Eylül 2021'de, geçecek olan tedarik zinciri kargaşasıyla ilgili olarak enflasyon artışının geçici olması mümkündü. Ancak merkez bankacılığı bir güven oyunudur. Yatırımcı algılarını yönlendirmek için gereken tek şey küçük ama spekülasyonları frenlemek için bilinçli adımlar. Rusya'nın Ukrayna'daki savaşı, fiyat artışlarını beş alarmlı bir krize dönüştürdüğü için artık tartışmasız çok geç.

Oranlar, Fed yakında tekrar faiz artıracak. Ancak bundan sonra, Powell'ın ekibi yükselen enflasyonu iki senaryodan daha iyisi olarak döndürmeye çalışırken uzun “izleme ve bekleme” dönemleri bekleyin; diğeri ise agresif parasal sıkılaştırmanın neden olduğu derin bir durgunluktur.

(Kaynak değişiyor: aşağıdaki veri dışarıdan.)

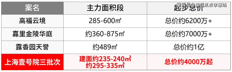 而本次,上海壹号院推出了社区内最后的60套建面约235-240㎡小户型,总价或许仅约4000万左右就能上车。
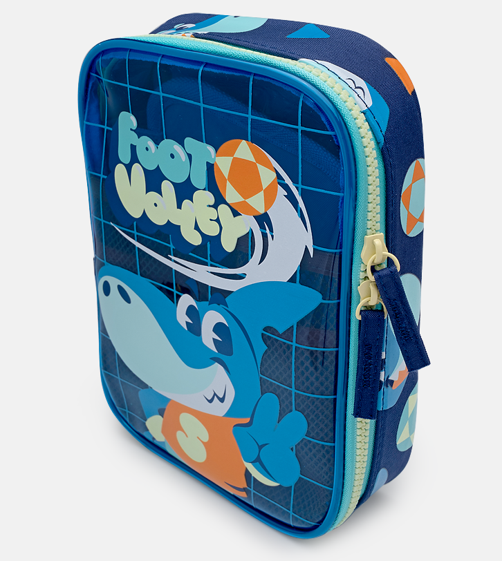Estojo grande em nylon. Parte frontal em PVC transparente estampa localizada de Tubarão.
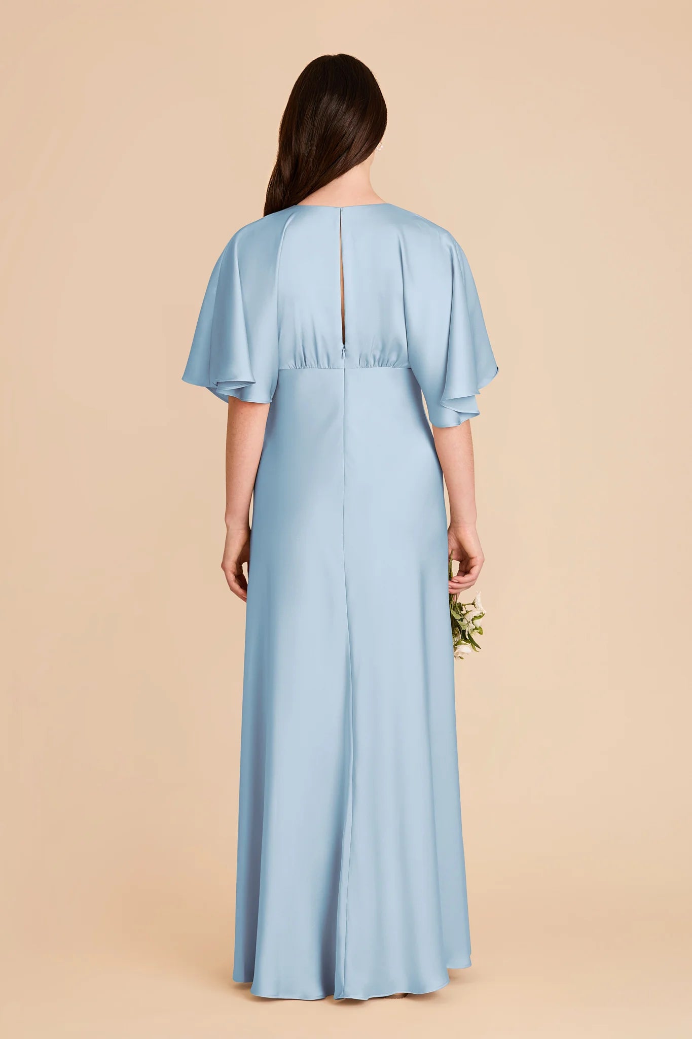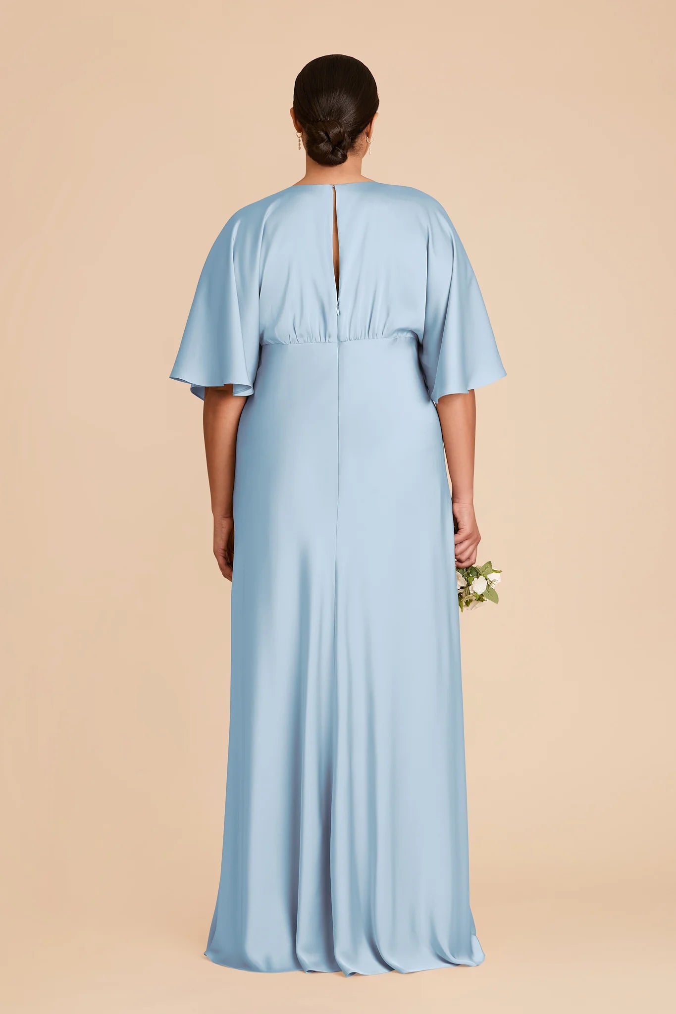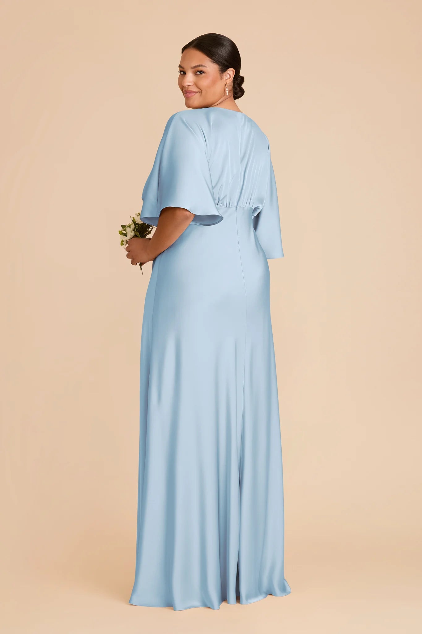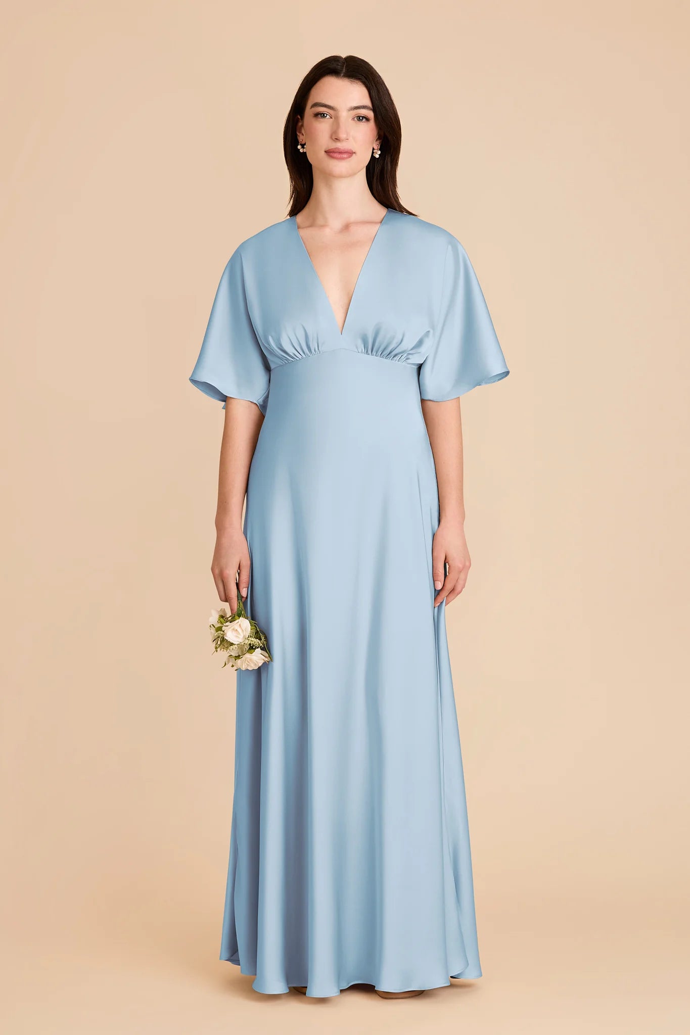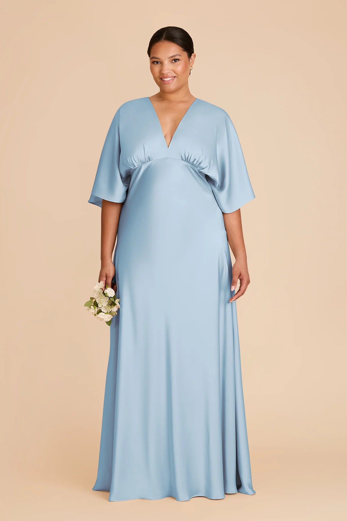 Modern sophistication meets timeless elegance in this floor-length gown—featuring a V-neck, kimono sleeves and a leg slit.
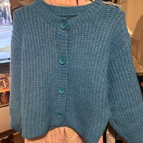 God og varm jakke med fine detaljer i ull med lommer og fôr. Kort modell. Jeg er 171cm høy. Fin rødfarge.
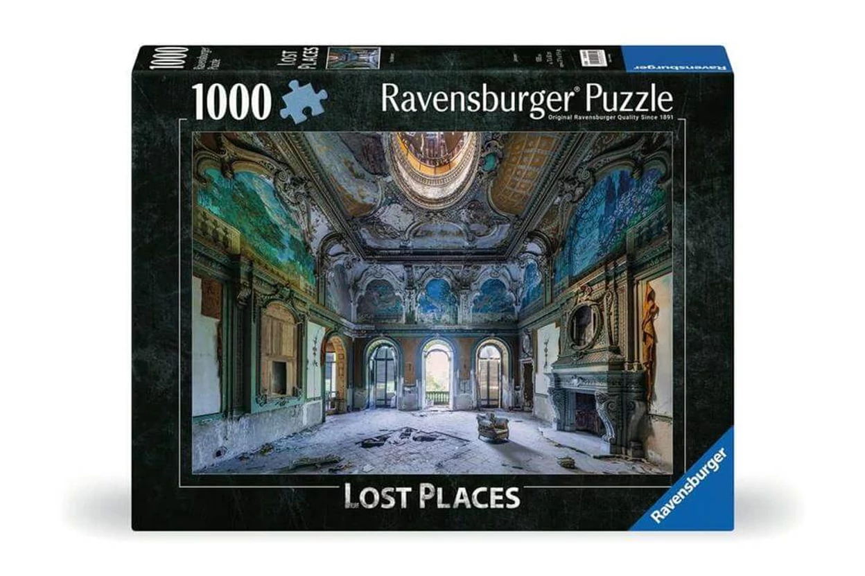 Romos olasz palota elegáns részletekkel és sejtelmes fénnyel. A múlt dicsősége és az enyészet szépsége találkozik a Ravensburger 12000181 - Lost Places Edition - Palazzo - 1000 db-os puzzle képén.
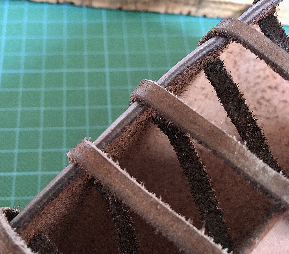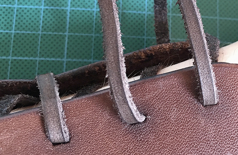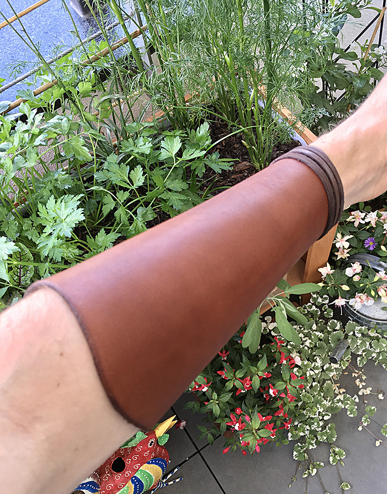 Die Schnürung ist weiches Lederband. Damit es noch weniger stört habe ich keine Löcher gestanzt, sondern Rechtecke mit der Klinge geschnitten, sodass die Bänder ohne Verdrehung geführt werden. Knöpfe und Schnallen sehen bei mir meist überdimensioniert und klobig aus, weswegen ich die Schnürung passender finde, auch wenn es mehr Arbeit beim Schnüren bedeutet. Das Ende wickel ich einfach mit ein paar Schlaufen. Sieht unprofessionell aus, aber hält bisher. Vielleicht kann ich mir da noch was überlegen.
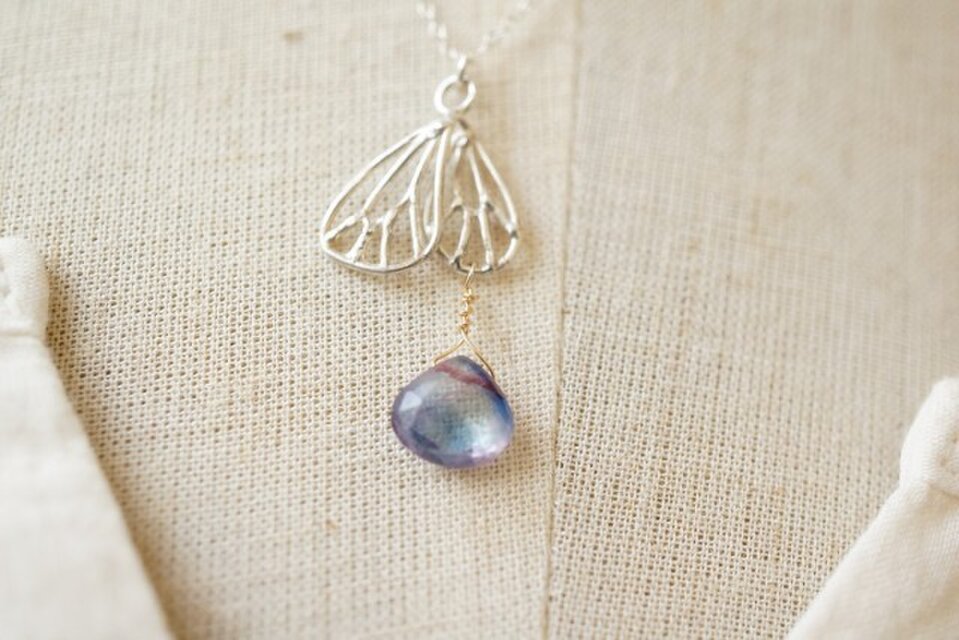 透かし蝶の片羽とカイヤナイトのシルバーのネックレス
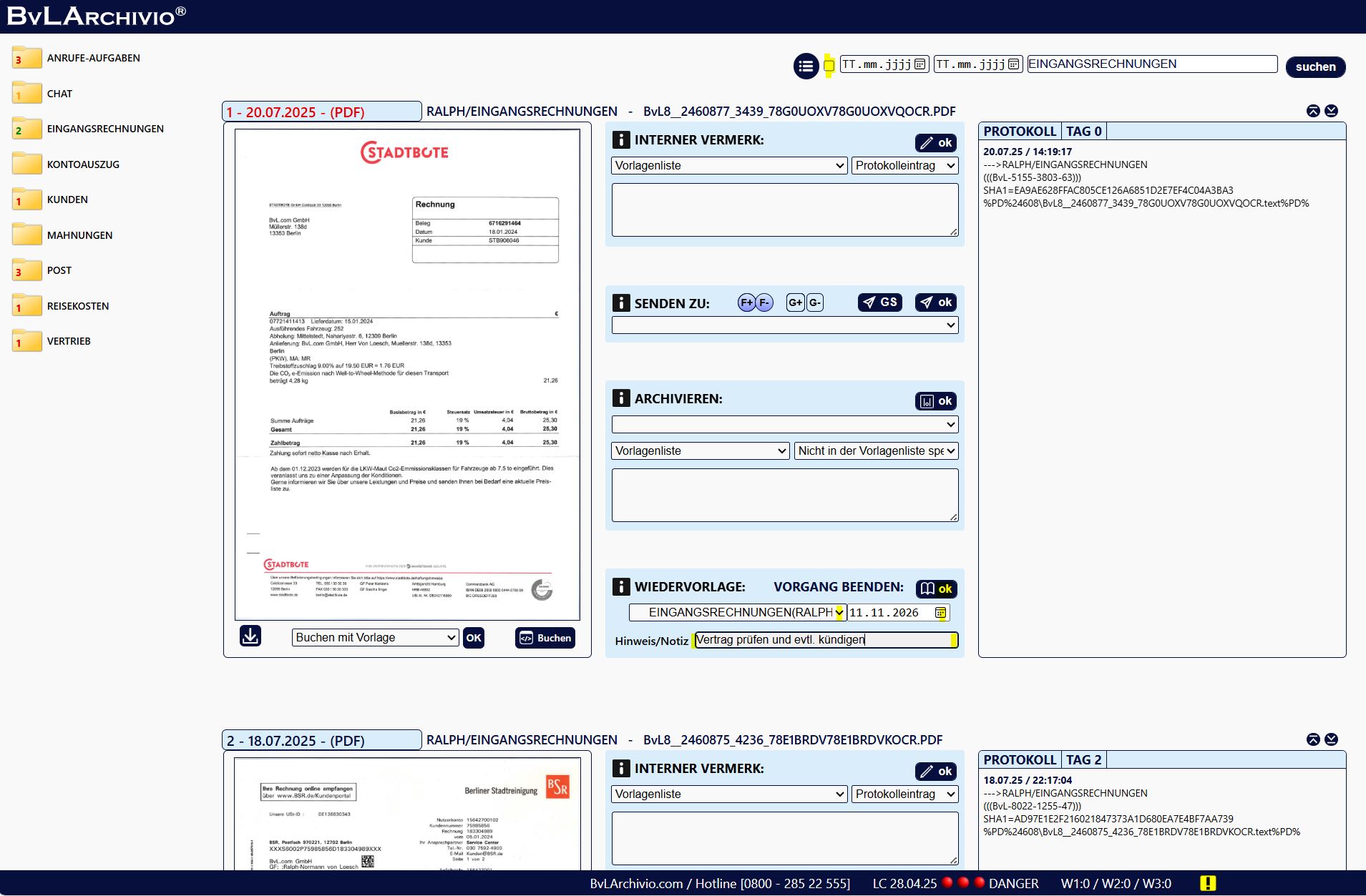 Ein Vorgang wird solange angezeigt, bis dieser von Ihnen beendet wird. In der Liste werden offene Vorgänge angezeigt. Möchten Sie auch erledigte Vorgänge sehen, setzen Sie neben den Datumsfeldern den Haken.
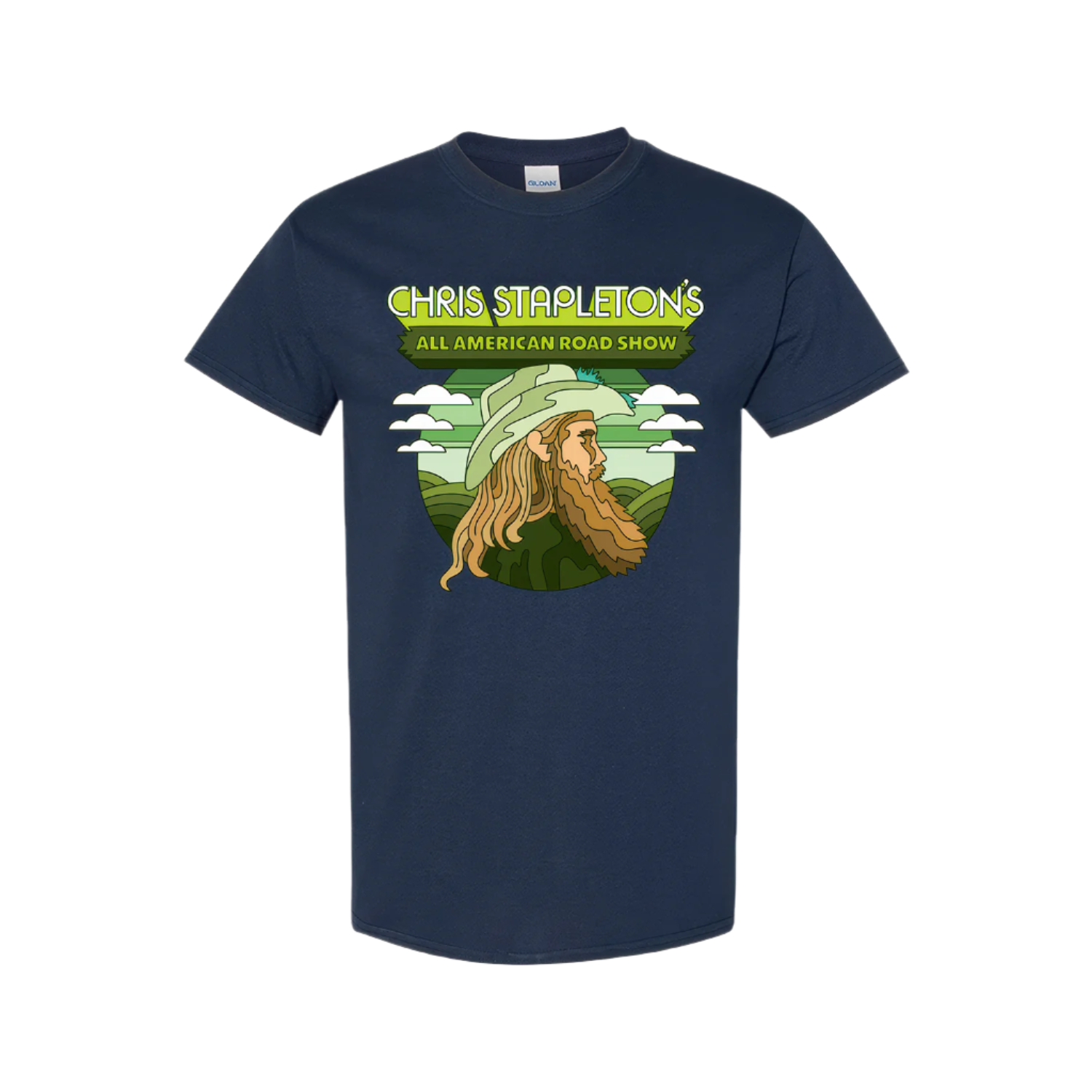 100% navy heavyweight cotton tee, featuring Draplin admat tour art on the front and tour dates on the back.
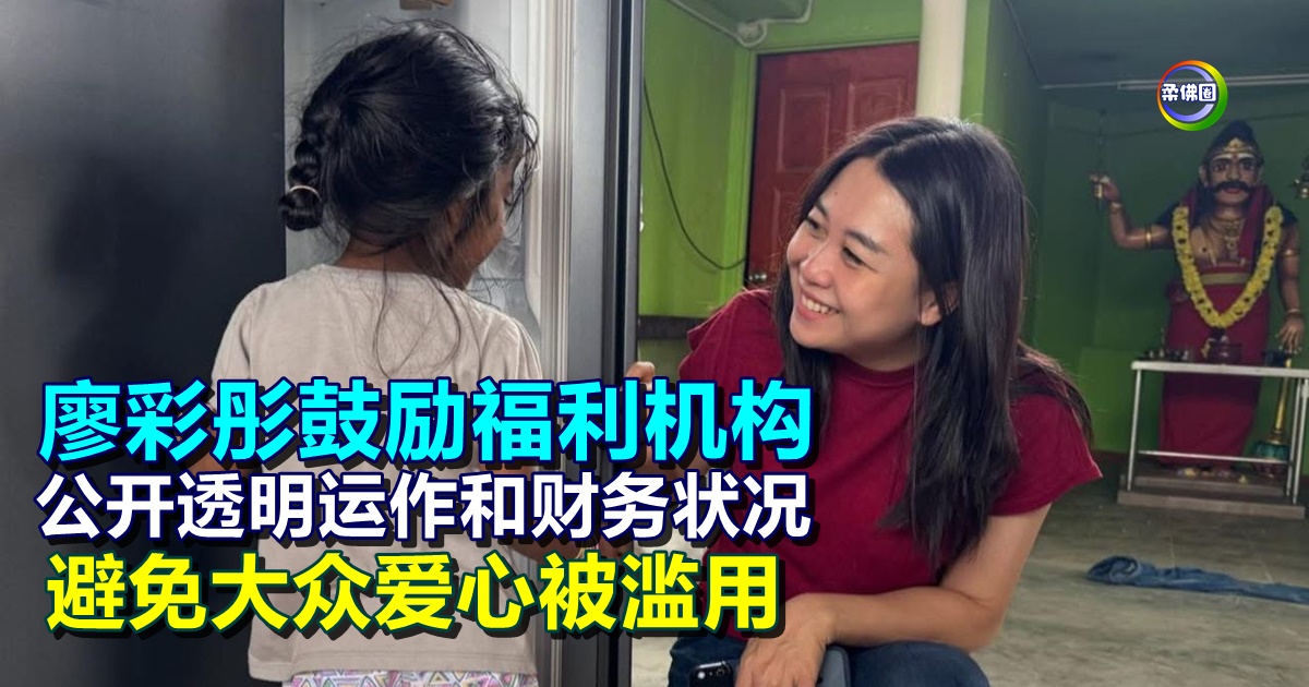 廖彩彤鼓励福利机构 公开透明运作和财务状况 避免大众爱心被滥用
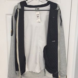 This is a grey and black jacket that is brand new with tag it has gold embellishments and faux gold zippers

Hiçbir Fed lideri bir gerileme için suçlanmak istemez. Ve Covid-19'un yansımaları, enflasyon, tedarik zinciri sorunları, jeopolitik gerilimler, irrasyonel olarak yüksek hisse senedi değerlemeleri ve yükselen bir dolar düşünüldüğünde, riskler giderek artıyor. Bir politika hatasının maliyeti hiç olmadığı kadar büyük. Kolayca gönderebilir ABD hisseleri düştü daha da keskin.

Elbette, günümüz enflasyonunun kolay paradan çok talep/arz uyumsuzlukları ve devasa mali büyüklükle ilgili olduğunu öne sürdüklerinde ekonomistlerin haklı olduğu bir nokta var. ABD üretkenliğini artırmak için gereken teknoloji yatırımının kıtlığı pek yardımcı olmuyor. Ancak merkez bankacılığının çoğu psikolojiktir. Şu anda Powell'ın işinin ne gerektirdiğini bildiğine dair çok az güven var. Daha da önemlisi, popüler olmayan kararlar verme cesaretine sahip olacağına dair çok az güven var.

Japonya bize, normale dönmektense oranları düşürmek için faizleri düşürmenin çok daha kolay olduğunu hatırlatıyor. Bu, kısaca, Powell Fed'in 1994 benzeri bir sıkılaştırma döngüsünden bahsetmesinin neden fazlasıyla abartılı olduğunu açıklıyor.